Not at all being self-centered, but believing that all things are related in some degree or another and that we should always be vigilant against letting bad facts make bad laws, God willing and FITS permitting, I paste here my comment on a three-year old article of which I just became aware:
I had no idea Ms. Lyons reported on my attempted intervention in the case; and what I wrote sounds better when selected and quoted by Ms. Lyons, whom I belatedly thank for the attention.
A correction, though: I was never actually granted the status of a substitute plaintiff. I was only a movant to become a substitute plaintiff.
As such my appeal could not have been from the decision to release the call but only from the decision to deny me substitute plaintiff status. Had I won that appeal and been granted substitute plaintiff status, I could then have argued in district court against the decision to release the calls.
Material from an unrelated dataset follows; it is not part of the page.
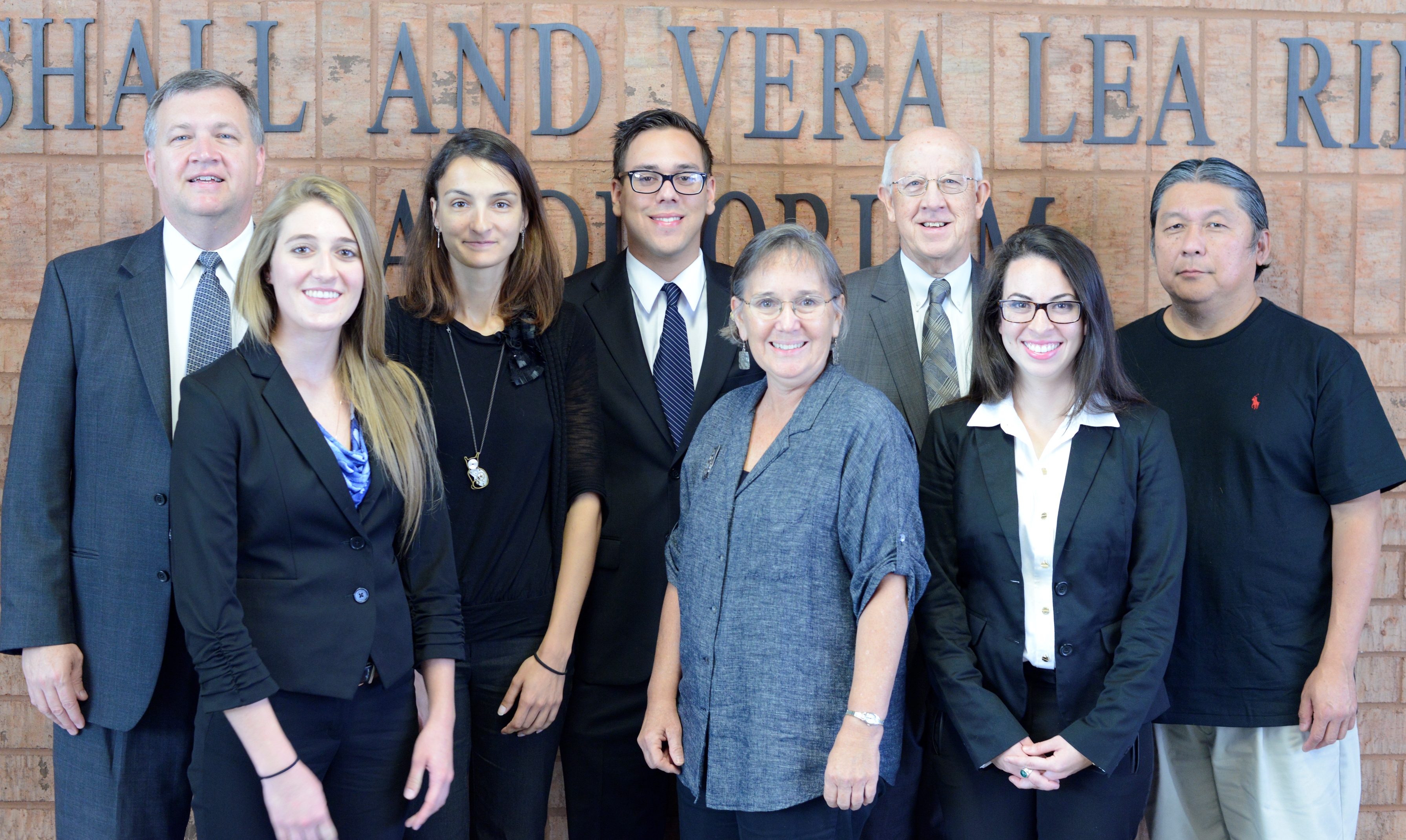 From left to right in the photo (above): professor John Tichenor, advisor to SOBE; Katie Kurtz, president of Stetson’s Student Organization for Business Ethics (SOBE) and competitor in the national competition; Dr. Jelena Petrovic, assistant professor of communication and media studies and judge in Stetson’s first annual Ethics Case Competition; Ken DeMoya, competitor in the national competition; Bobbi Baugh, local business owner and judge in Stetson’s first annual Ethics Case Competition; professor Jim Beasley, advisor to SOBE; Melissa Deloera, competitor in the national competition; and K.C. Ma, Ph.D., Roland George Chair of Applied Investments and director of Stetson’s George Investments Institute.

There is a conflict of decisions which still remains to be resolved with the Supreme Judicial Court of Massachusetts ruling that notice is not consent and an ancient case in the U.S. Court of Appeals for the Fourth Circuit vaguely equating notice with consent.
My focus was, and is, that release of calls from South Carolina county detention facilities is a question capable of repetition but evading review due to the theoretical short sojourn of inmates in those facilities. The inmates in such facilities are either: (1) pre-trial detainees denied bond (or before being granted bond) thus presumed innocent no matter horror of the allegations, or (2) serving short sentences upon conviction of petty crimes in municipal or county courts; and such sentences are typically not suspended pending appeal.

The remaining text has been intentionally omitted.